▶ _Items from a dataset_
/---
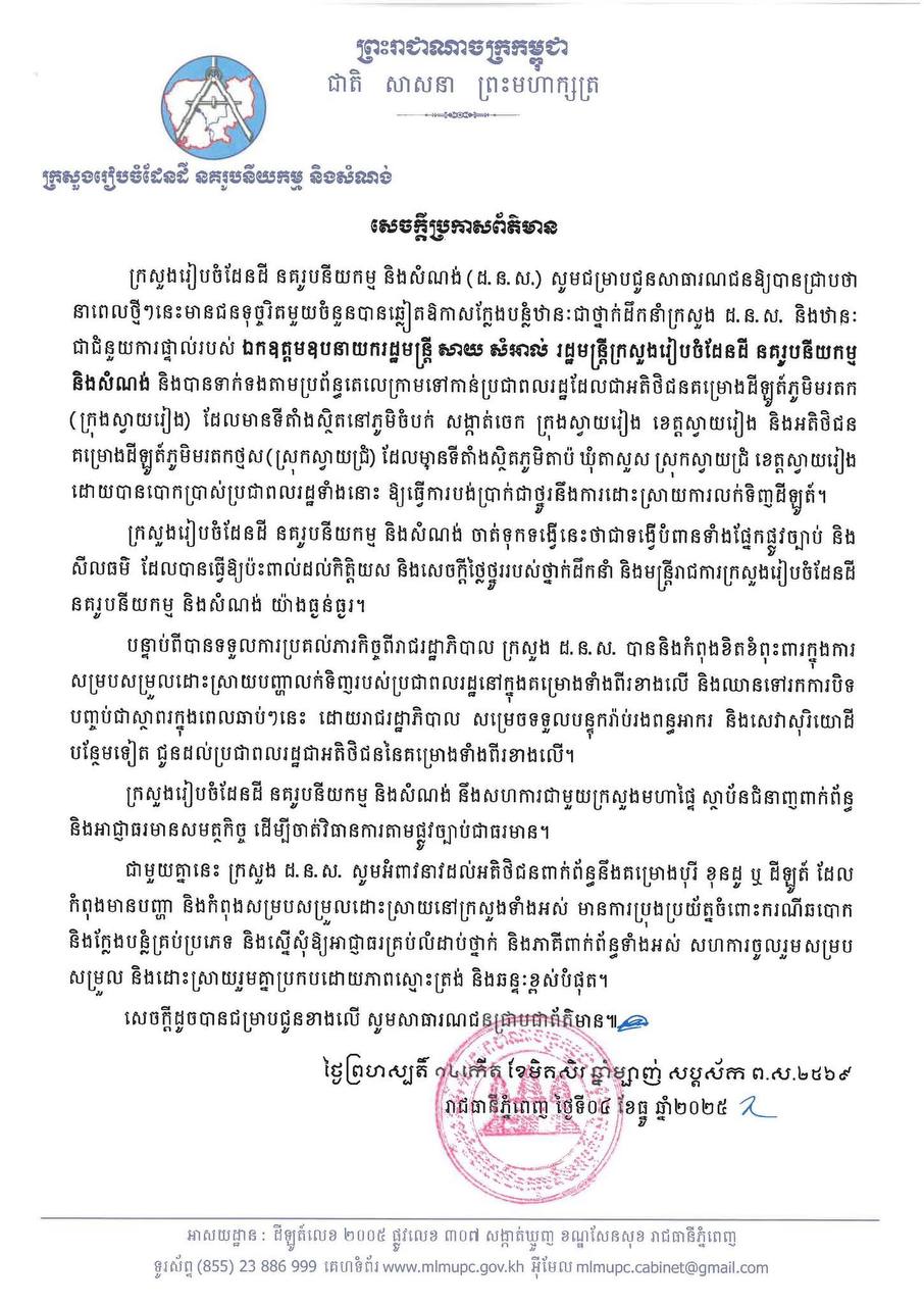 ភ្នំពេញ ៖ ក្រសួងរៀបចំដែនដី នគរូបនីយកម្ម និងសំណង់ (៥. ន. ស.) សូមជម្រាបជូនសាធារណជនឱ្យបានជ្រាបថា នាពេលថ្មីៗនេះមានជនទុច្ចរិតមួយចំនួនបានឆ្លៀតឱកាសក្លែងបន្លំឋានៈជាថ្នាក់ដឹកនាំក្រសួង ដ.ន.ស. និងឋានៈ ជាជំនួយការផ្ទាល់របស់ លោកឧបនាយករដ្ឋមន្ត្រី សាយ សំអាល់ រដ្ឋមន្ត្រីក្រសួងរៀបចំដែនដី នគរូបនីយកម្ម និងសំណង់ និងបានទាក់ទងតាមប្រព័ន្ធតេលេក្រាមទៅកាន់ប្រជាពលរដ្ឋដែលជាអតិថិជនគម្រោងដីឡូត៍ភូមិមរតក (ក្រុងស្វាយរៀង) ដែលមានទីតាំងស្ថិតនៅភូមិចំបក់ សង្កាត់ចេក ក្រុងស្វាយរៀង ខេត្តស្វាយរៀង និងអតិថិជន គម្រោងដីឡូត៍ភូមិមរតកថ្មស(ស្រុកស្វាយជ្រំ) ដែលមានទីតាំងស្ថិតភូមិតាបំ ឃុំតាសួស ស្រុកស្វាយជ្រំ ខេត្តស្វាយរៀង ដោយបានបោកប្រាស់ប្រជាពលរដ្ឋទាំងនោះ ឱ្យធ្វើការបង់ប្រាក់ជាថ្នូរនឹងការដោះស្រាយការលក់ទិញដីឡូត៍។
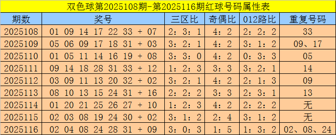 福彩双色球第2025116期奖号为:02 04 08 24 28 31 + 09,红球奇偶比为1:5,三区比为3:0:3,012路比为1:3:2,重号:02、08、24。
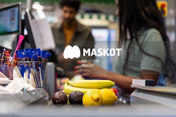 Kvinnlig kassörska scannar varor
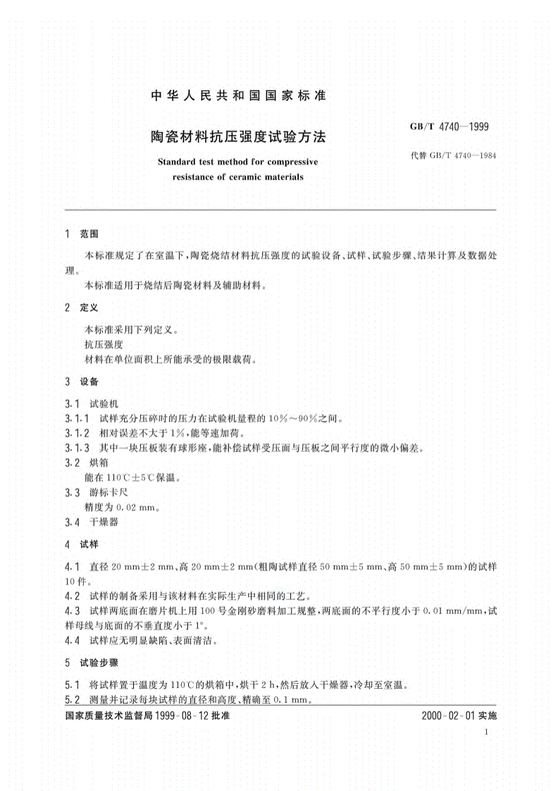 GB/T4740-1999前言本标准是按GB/T1.1一1993《标准化工作导则第1单元:标准的起草与表述规则第1部分:标准编写的基本规定》对GB/T4740一1984进行修订本标准与GB/T4740一1984的主要技术差异如下:标准的结构、技术要素及表述规则按GB/T1.1一1993进行了修改。根据科学,适用要求,对试验机的条件进行了规定,并加入了试样的干燥部分。本标准自实施之日起同时代替GB/T4740一1984。本标准由国家轻工业局提出。本标准由全国陶瓷标准化中心技术归口。本标准负责起草单位:中国轻工总会陶瓷研究所。本标准主要起草人:张侃、徐莉华、程塑贤。GB/T4740-1999前言本标准是按GB/T1.1一1993《标准化工作导则第1单元:标准的起草与表述规则第1部分:标准编写的基本规定》对GB/T4740一1984进行修订本标准与GB/T4740一1984的主要技术差异如下:标准的结构、技术要素及表述规则按GB/T1.1一1993进行了修改。根据科学,适用要求,对试验机的条件进行了规定,并加入了试样的干燥部分。本标准自实施之日起同时代替GB/T4740一1984。本标准由国家轻工业局提出。本标准由全国陶瓷标准化中心技术归口。本标准负责起草单位:中国轻工总会陶瓷研究所。本标准主要起草人:张侃、徐莉华、程塑贤。
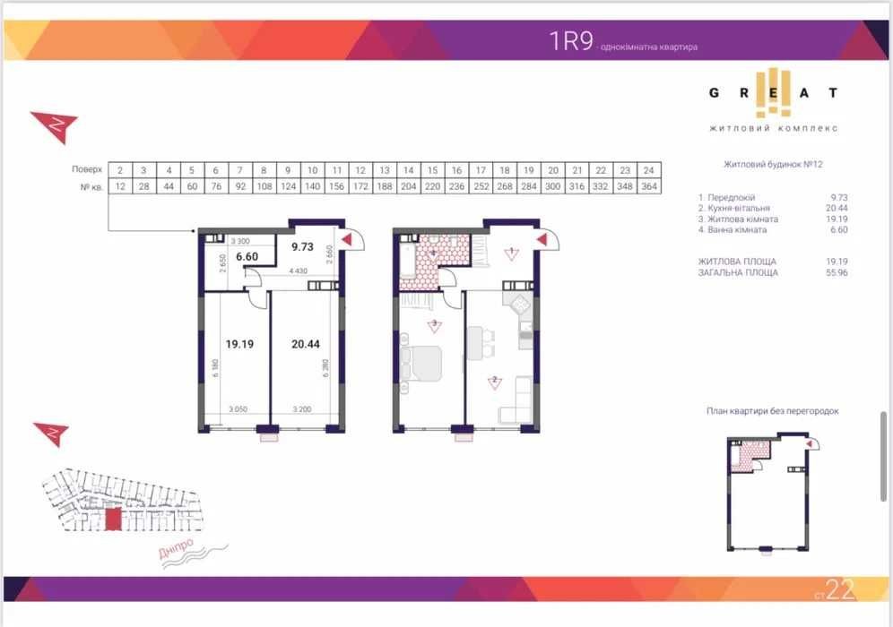 Продаж 1 кім. 56 м² Вид на Дніпро жк Great Грейт з Документами!
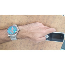 Este relógio automático têm a traseira da caixa transparente, que permite ver todo o seu mecanismo. Têm um mostrador branco com ponteiros azuis.
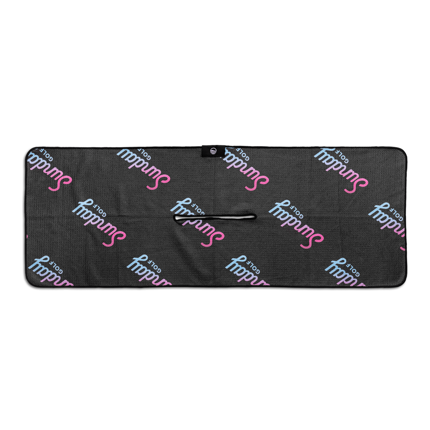 The perfect towel for any golfer who wants to bring the beach party to the course. The Miami Vice golf towel features the Sunday Golf signature Sundaze icon on the front with the color style that reminds you of playing Vice City.
\---
▶ _PROBLEM STATEMENT_
For this exercise, copy the entries above exactly and skip any picture.

▶ _SOLVED PROBLEM_
 ភ្នំពេញ ៖ ក្រសួងរៀបចំដែនដី នគរូបនីយកម្ម និងសំណង់ (៥. ន. ស.) សូមជម្រាបជូនសាធារណជនឱ្យបានជ្រាបថា នាពេលថ្មីៗនេះមានជនទុច្ចរិតមួយចំនួនបានឆ្លៀតឱកាសក្លែងបន្លំឋានៈជាថ្នាក់ដឹកនាំក្រសួង ដ.ន.ស. និងឋានៈ ជាជំនួយការផ្ទាល់របស់ លោកឧបនាយករដ្ឋមន្ត្រី សាយ សំអាល់ រដ្ឋមន្ត្រីក្រសួងរៀបចំដែនដី នគរូបនីយកម្ម និងសំណង់ និងបានទាក់ទងតាមប្រព័ន្ធតេលេក្រាមទៅកាន់ប្រជាពលរដ្ឋដែលជាអតិថិជនគម្រោងដីឡូត៍ភូមិមរតក (ក្រុងស្វាយរៀង) ដែលមានទីតាំងស្ថិតនៅភូមិចំបក់ សង្កាត់ចេក ក្រុងស្វាយរៀង ខេត្តស្វាយរៀង និងអតិថិជន គម្រោងដីឡូត៍ភូមិមរតកថ្មស(ស្រុកស្វាយជ្រំ) ដែលមានទីតាំងស្ថិតភូមិតាបំ ឃុំតាសួស ស្រុកស្វាយជ្រំ ខេត្តស្វាយរៀង ដោយបានបោកប្រាស់ប្រជាពលរដ្ឋទាំងនោះ ឱ្យធ្វើការបង់ប្រាក់ជាថ្នូរនឹងការដោះស្រាយការលក់ទិញដីឡូត៍។
 福彩双色球第2025116期奖号为:02 04 08 24 28 31 + 09,红球奇偶比为1:5,三区比为3:0:3,012路比为1:3:2,重号:02、08、24。
 Kvinnlig kassörska scannar varor
 GB/T4740-1999前言本标准是按GB/T1.1一1993《标准化工作导则第1单元:标准的起草与表述规则第1部分:标准编写的基本规定》对GB/T4740一1984进行修订本标准与GB/T4740一1984的主要技术差异如下:标准的结构、技术要素及表述规则按GB/T1.1一1993进行了修改。根据科学,适用要求,对试验机的条件进行了规定,并加入了试样的干燥部分。本标准自实施之日起同时代替GB/T4740一1984。本标准由国家轻工业局提出。本标准由全国陶瓷标准化中心技术归口。本标准负责起草单位:中国轻工总会陶瓷研究所。本标准主要起草人:张侃、徐莉华、程塑贤。GB/T4740-1999前言本标准是按GB/T1.1一1993《标准化工作导则第1单元:标准的起草与表述规则第1部分:标准编写的基本规定》对GB/T4740一1984进行修订本标准与GB/T4740一1984的主要技术差异如下:标准的结构、技术要素及表述规则按GB/T1.1一1993进行了修改。根据科学,适用要求,对试验机的条件进行了规定,并加入了试样的干燥部分。本标准自实施之日起同时代替GB/T4740一1984。本标准由国家轻工业局提出。本标准由全国陶瓷标准化中心技术归口。本标准负责起草单位:中国轻工总会陶瓷研究所。本标准主要起草人:张侃、徐莉华、程塑贤。
 Продаж 1 кім. 56 м² Вид на Дніпро жк Great Грейт з Документами!
 Este relógio automático têm a traseira da caixa transparente, que permite ver todo o seu mecanismo. Têm um mostrador branco com ponteiros azuis.
 The perfect towel for any golfer who wants to bring the beach party to the course. The Miami Vice golf towel features the Sunday Golf signature Sundaze icon on the front with the color style that reminds you of playing Vice City.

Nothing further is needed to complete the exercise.